-- EXERCISE DESCRIPTION --
Only the lines below from the one that holds "Zapiekanka z ziemniaków, cebuli, piersi" through the one that holds "発注は煮込みハンバーグごはん少なめ990円。いつ" should appear in the answer, copied exactly, end lines included and pictures omitted.

-- INPUT FOR THIS TASK --
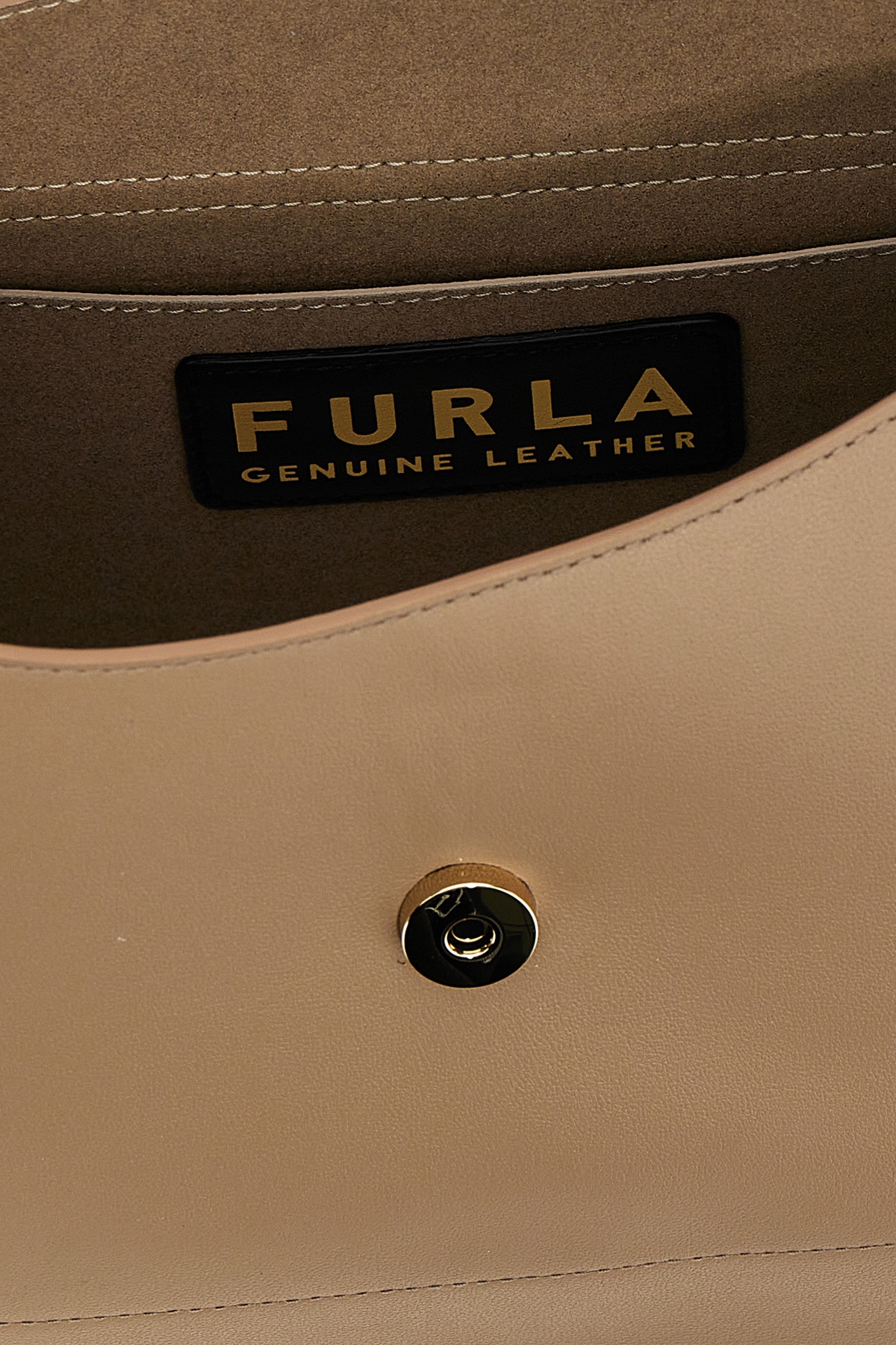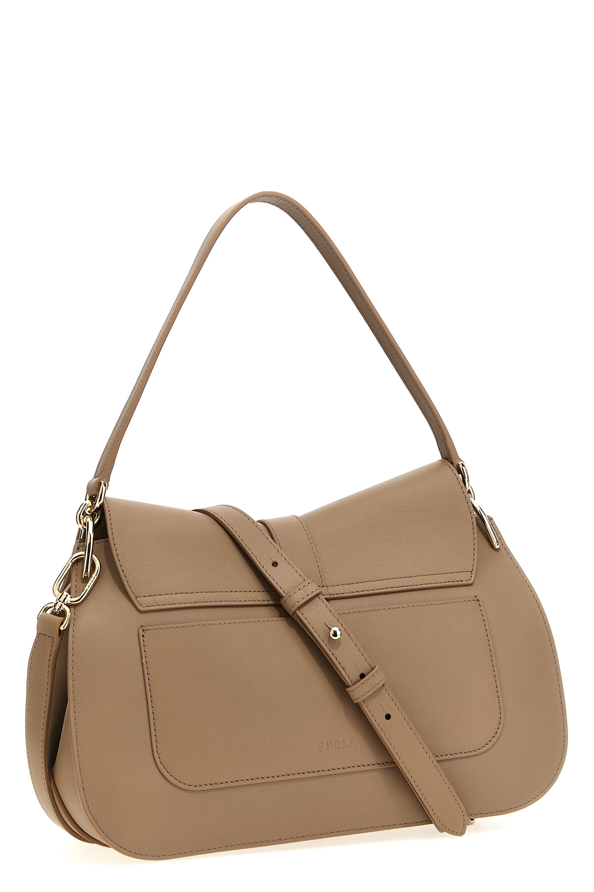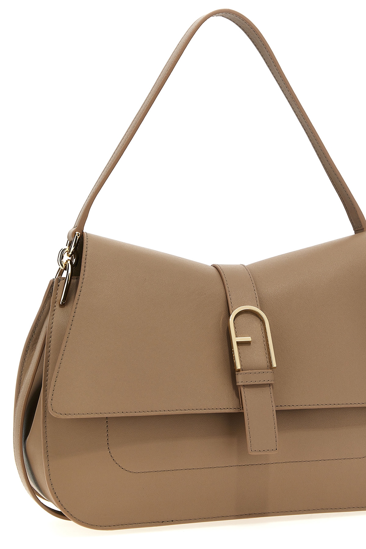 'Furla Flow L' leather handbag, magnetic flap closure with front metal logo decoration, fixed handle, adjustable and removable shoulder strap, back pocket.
...
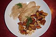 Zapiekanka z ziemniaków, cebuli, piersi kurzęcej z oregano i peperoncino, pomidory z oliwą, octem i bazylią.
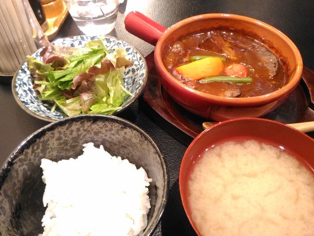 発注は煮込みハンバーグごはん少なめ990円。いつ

-- TASK SOLUTION --
 Zapiekanka z ziemniaków, cebuli, piersi kurzęcej z oregano i peperoncino, pomidory z oliwą, octem i bazylią.
 発注は煮込みハンバーグごはん少なめ990円。いつ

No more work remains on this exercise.